Assessing the Health Risks of Exposures to Organophosphate (OP) Pesticides; Utilize enzyme-specific physiologically based pharmacokinetic /pharmacodynamic (PBPK/PD) models to better assess human exposure, target tissue dose and subsequent effects of organophosphate pesticides (OPs); Identifying new biomarkers of susceptibility to this class of pesticides by investigating the function of genetic variants in key enzymes (CYP2B6, CYP2C19, PON1) which regulate OP metabolic activation and detoxification; Assessing the Biological and Toxicological Effects of Exposures to Persistent Halogenated Aromatic Hydrocarbons, including Dioxins, Polybrominated Diphenyl Ethers (PBDEs) and Polychlorinated Biphenyls (PCBs); Assessing Human Exposures to dioxins, PBDEs, and PCBs; Metabolism and disposition of dioxins, PBDEs, and PCBs; Utilizing toxicogenomic approaches to understand the relationship between exposures to dioxins and/or PCBs and mechanisms for adverse heath effects; Identifying alterations in global gene expression and specific pathways that may be associated with pathological responses of AhR ligands (dioxins, PCB126) and non- AhR ligands (PCB153); Characterizing the adverse effects of dioxin on lung development and the role of the AhR pathway in the developing lung.

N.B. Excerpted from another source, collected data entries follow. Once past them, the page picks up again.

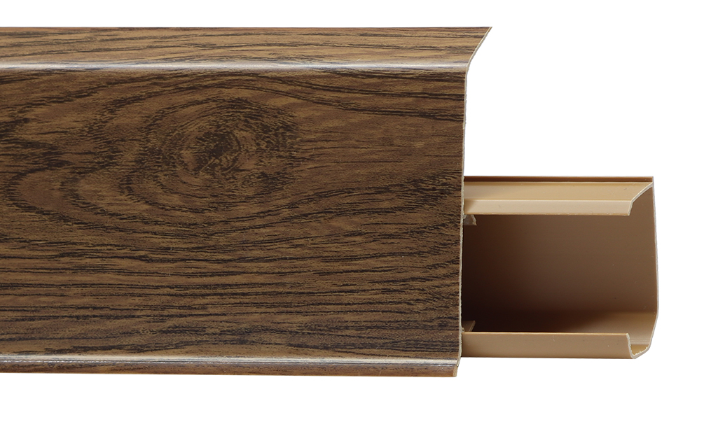 Утонченный и высокий профиль (72 мм) с острыми краями. Благодаря съёмной панели монтаж электрических проводов, покраска стен, оклеивание обоями возможны без демонтажа профилей. Конструкция позволяет монтировать и демонтировать плинтус без использования инструментов. Существует возможность размещения большого количества проводов, в том числе после монтажа. Специальная двухслойная технология: помимо слоя краски, дополнительно покрывается специальным лаком, благодаря чему его покрытие становится однородным, а это дополнительно защищает изделие от разного вида механических повреждений и вредного воздействия лучей УФ. Благодаря эластичному материалу, плинтус идеально прилегает даже к неровностям стен и полов.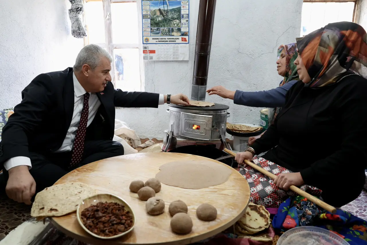 Vali Akın paylaşımında, “Hadim Gezlevi Mahallemizde, Torosların sabrından sofraya uzanan kadim bir geleneğe şahit olduk. Dağların bağrından toplanan Boz armudun kurutulup una dönüşmesiyle yapılan ‘kükürt ekmeği’ adeta Toroslardan yükselen bir umut tohumu gibi. Doğayla uyumlu bu üretim, toprağın bereketini geleceğe taşıyan sürdürülebilir yaşamın da önemli bir tezahürüdür. Kültürümüzün lezzet hafızasını yaşatan hemşehrilerimize teşekkür ediyorum.” ifadelerine yer verdi.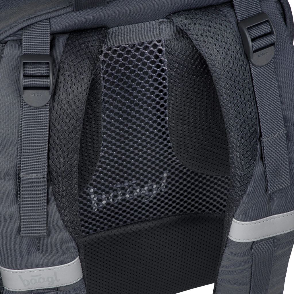 Lahek in ergonomičen šolski nahrbtnik BAAGL Core Logo za otroke od 3. razreda ponuja prostornino 25 l, le 900 g, anatomsko oblikovan hrbtiščni del z zračenjem ter oblazinjen žep za 15" prenosnik. Izdelan je iz rekliranega vodoodbojnega materiala s certifikatom GRS, ima zanesljive zadrge YKK, odsevne elemente in praktično organizacijo v treh prekatih.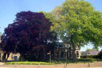 De tuin van de pastorie staat nog vol struiken, de twee prachtige hoge bomen van nu zijn nog niet goed herkenbaar. De Rabobank was er nog niet (gebouwd in 1957) dus was de pastorietuin veel groter, ook de prachtige rode beuk (echt een ‘monumentale’ boom die het behouden waard is!) stond nog op het terrein van de pastorie.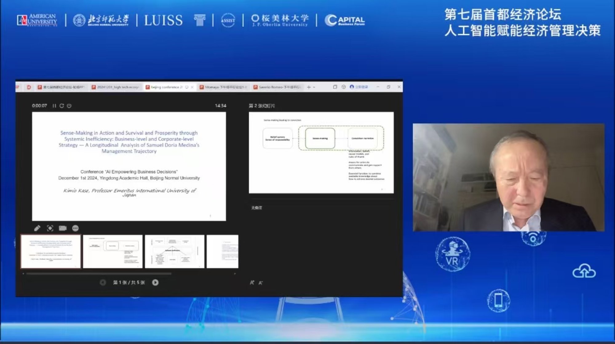 日本国际大学前校长、日本国际大学名誉教授加濑的演讲以“Sense-Making in Action and Survival and Prosperity through Systemic Inefficiency:Business-level and Corporate level Strategy — A Longitudinal Analysis of Samuel Doria Medina’s Management Trajectory”为题,结合Samuel Doria Medina管理轨迹的纵向分析,以小见大地给出了在复杂环境下进行商业与企业层面决策战略的启示。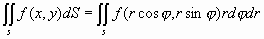 (6) Выражение dS = r dj dr называется двумерным элементом площади в полярных координатах. Итак, чтобы в двойном интеграле (1) перейти к полярным координатам, достаточно координаты x и y заменить по формулам (2), а вместо элемента площади dS подставить выражение (7).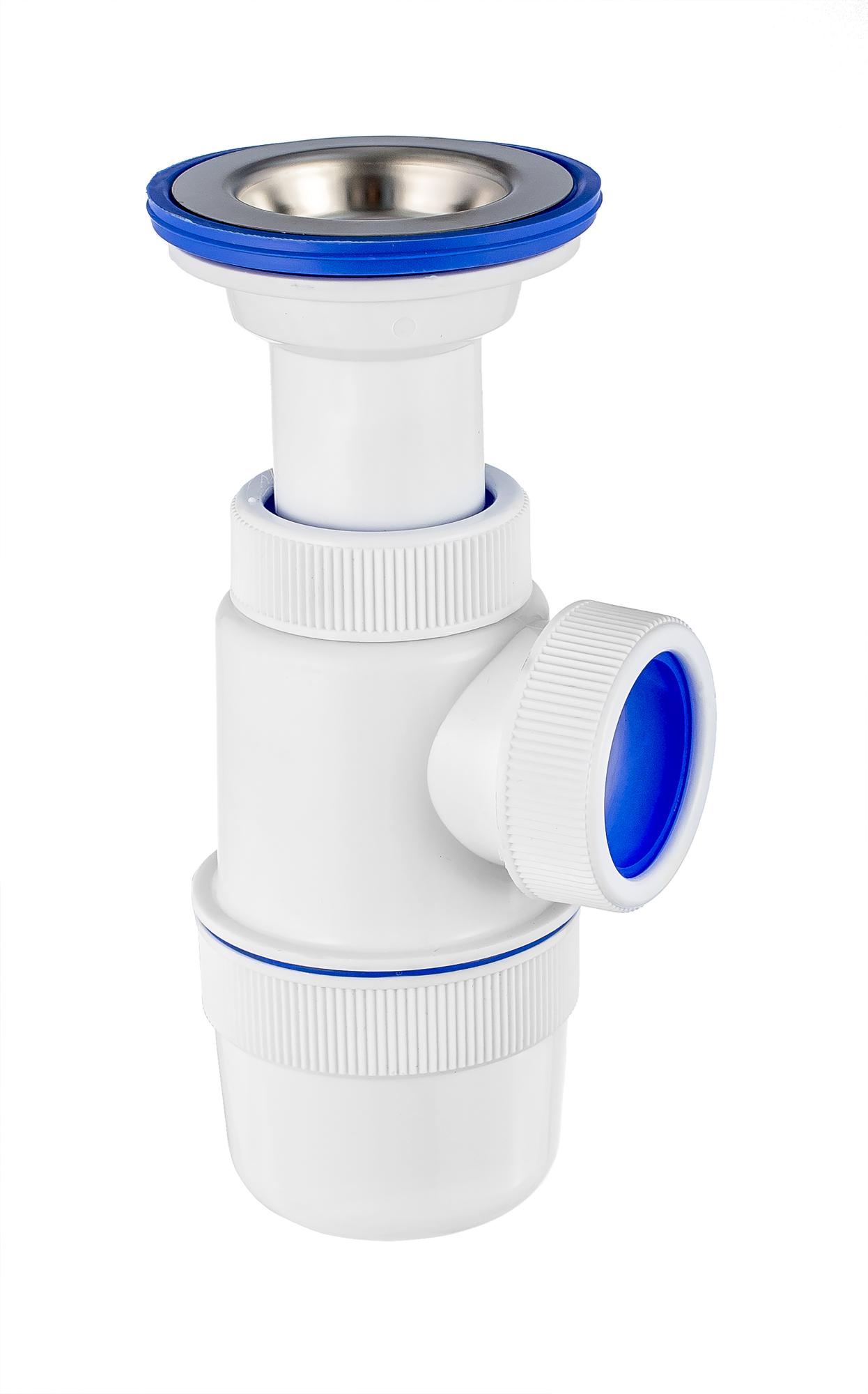 Сифон предназначен для отвода воды из нержавеющих и эмалированных моек, а также чугунных и фаянсовых раковин.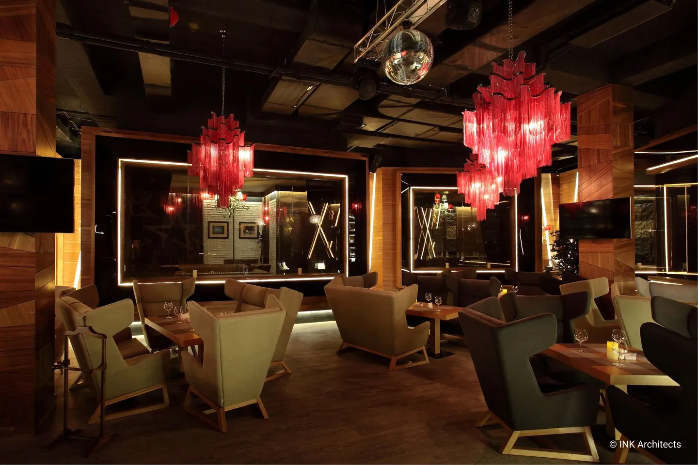 A world of illusion – a modern virtual realm in which we spend a large portion of our time. It is reflected in the choice of the project’s conceptual framework. The interior is presented as a television space: the huge, dark, transparent screens of TV boxes (VIP-cabins) come through into the central hall and form the dominant compositional element.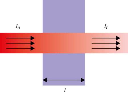 gdzie I0 oznacza natężenie promieniowania padającego na dany obiekt, zaś I to natężenie promieniowania po przejściu przezeń (rysunek 1).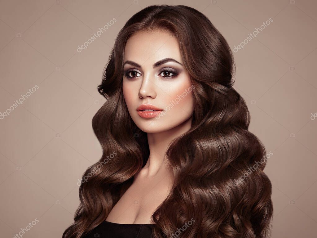 - Брюнетка с длинными здоровыми и блестящими вьющимися волосами. Уход и красота. Образцовая женщина с волнистым хайрстиком. Макияж и ювелирные изделия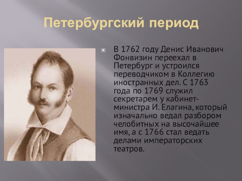 В 1762 году Денис Иванович Фонвизин переехал в Петербург и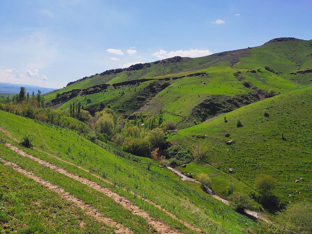 Всегда мечтала посмотреть поля диких тюльпанов. Несколько раз собиралась поехать в Калмыкию, но все не попадала с датами, и на момент отпуска тюльпаны уже отцветали. А тут неожиданно мы собрались погулять по весенним горам Узбекистана. И, аллилуйя, там цвели тюльпаны. Сначала встречались только единичные цветочки, но потом уже целые полянки, и не только красных, но и желтых цветов. Больше всего тюльпанов мы увидели в одном из самых популярных для прогулок мест - каньоне Таваксай. Ехать туда из Ташкента очень просто, около часа на электричке до станции Паргос, а там идем вверх по дороге и попутно ловим попутку. Подзаработать деньжат никто не откажется, так что довольно быстро доезжаем 4 км до конца поселка Салжарыс. А дальше тропинка вдоль ручья Таваксай. Вокруг ярко-зеленые холмы, по которым как на классическом пейзаже гуляют коровы и лошади. Сельская идиллия. Животные, правда, гуляют не только по холмам, но и по тропинке, так что под ноги нужно смотреть внимательно. Оживляют пейзаж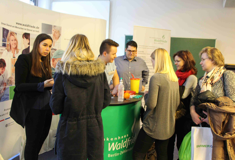 Aus Ludwigsfelde kam Sophie gemeinsam mit ihrer Schwester. Sie sah sich eher im Gesundheitswesen um. Vielleicht Altenpflegerin oder doch lieber Kauffrau im sozialen Bereich? Mehrere Aussteller erklärten der wortgewandten 16-Jährigen, worauf es ankommt. "Selbstbewusstsein und Aufgeschlossenheit sollte man mitbringen - denn Pflege bedeutet den direkten Umgang mit Patienten", sagte Benjamin von Albert vom Krankenhaus Waldfriede. Die Schülerin schien überzeugt und übergab ihm kurzerhand ihre Bewerbung. Nun heißt es: Daumen drücken für Sophie!

CYP-Specific PBPK/PD Models to Interpret Biomarkers for Organophosphate Pesticides

Description:

(a) Objectives: The primary objective of the proposed studies is to improve existing models to better estimate exposures, target tissue dose and resulting effects in human populations, utilizing the abundance of urinary metabolite/biomarker data for the organophosphate (OP) pesticides, chlorpyrifos, parathion, methyl parathion, and diazinon. Current physiologically based pharmacokineticpharmacodynamic (PBPK/PD) models, which utilize single kinetic constants (Km, Vmax) for a given metabolic pathway, using rat liver microsomes, do not accurately reflect human enzymes or the variability in content and activity of key enzymes (cytochrome P450s, CYPs; paraoxonase-1, PON1) which regulate the metabolic activation and detoxification of OPs in human populations exposed to pesticides. It is hypothesized that more accurate measures of exposure, target tissue dose and subsequent effects will come from existing PBPK/PD models, which incorporate human CYP-specific kinetic parameters (Km and Vmax) for OP metabolism, CYP–specific content in the liver, and the function and content of genetic variants in key enzymes (CYP2B6, CYP2C19, PON1) which regulate OP metabolic activation and detoxification.

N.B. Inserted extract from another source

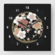 Pink White Brown Sakura Japanese Kimono Pattern Square Wall Clock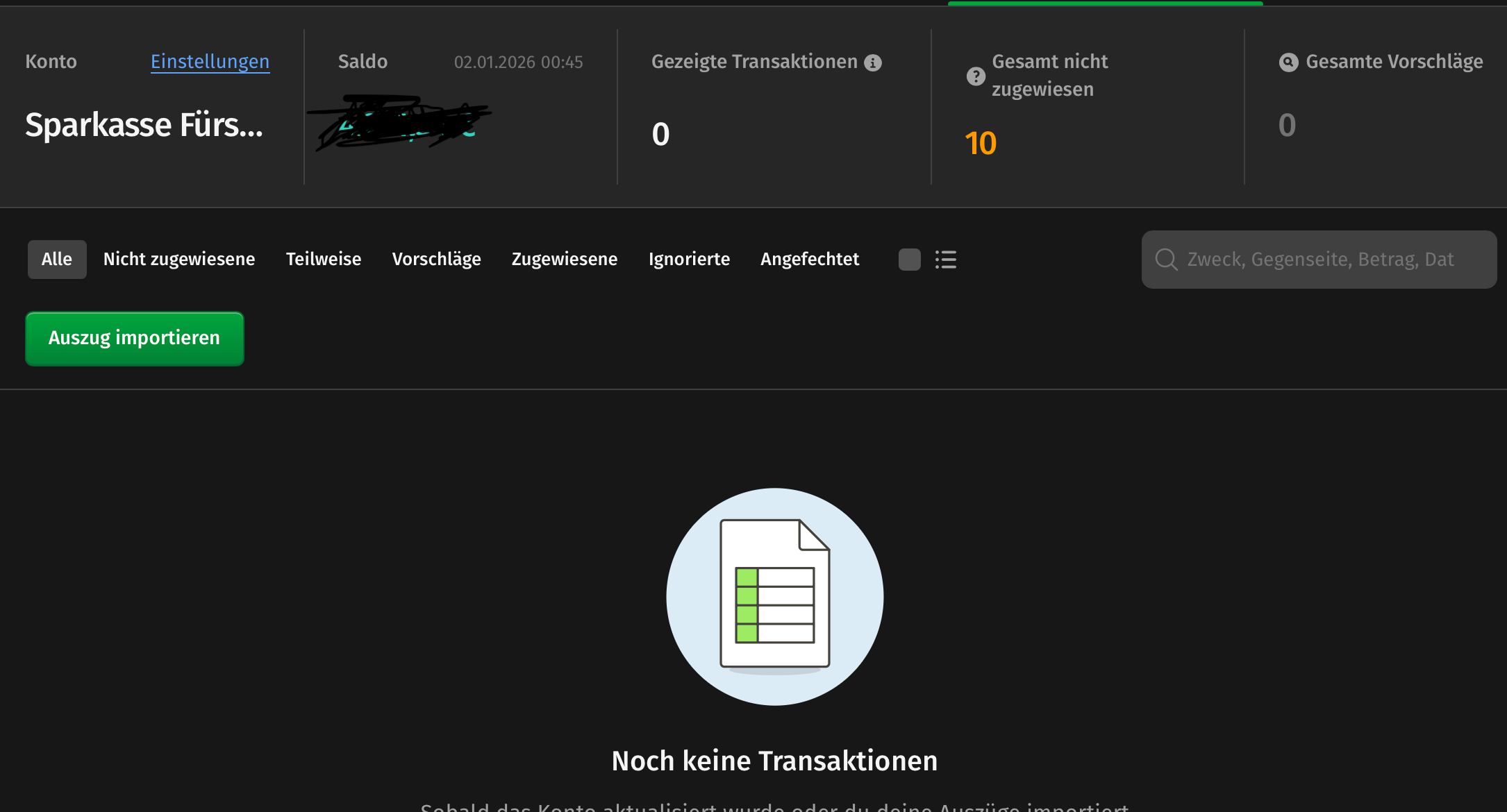 ich bin neu und habe heut testweise Buchungen hochgeladen. Ich sehe sie aber nicht in der Bank und kann sie somit auch nicht bearbeiten. Lediglich in der Bankübersicht (oben) sieht man das 4 nicht zugewiesenen Buchungen vorhanden sind aber ich kann diese nicht im unteren Bereich sehen. Den Browser habe ich schon mehrmals neu geladen.

(b) Approach (Specific Aims): 1. Generate CYP-specific PBPK/PD models, utilizing existing urinary metabolite / biomarker data for chlorpyrifos, parathion, methyl parathion, and diazinon, to better estimate exposure, target tissue dose and effects of these OPs in human populations by incorporating 1) kinetic parameters (Km and Vmax) for OP metabolism by specific human CYPs, 2) hepatic content of specific CYPs, 3) PON1 activity and content, and 4) serum protein binding data for OPs and metabolites into existing PBPK/PD models. 2. Generate the kinetic parameters for OP metabolism by prevalent polymorphic isoforms of CYP2B6, CYP2C19 and PON1, which are known to exhibit altered enzyme activity and/or expression (biomarkers of susceptibility). 3.Integrate the altered activity and expression data from the key polymorphic CYPs and PON1 (aim 2) into the CYP-specific PBPK/PD models (aim 1). 4. Incorporate the data from aims 1-3 into a multiroute, multichemical, PBPK/PD model (ERDEM, Exposure Related Dose Estimating Model) that can convert urine biomarker data for several OP pesticides to measures of exposure, target tissue dose and effect (inhibition of acetylcholinesterase) in populations of interest.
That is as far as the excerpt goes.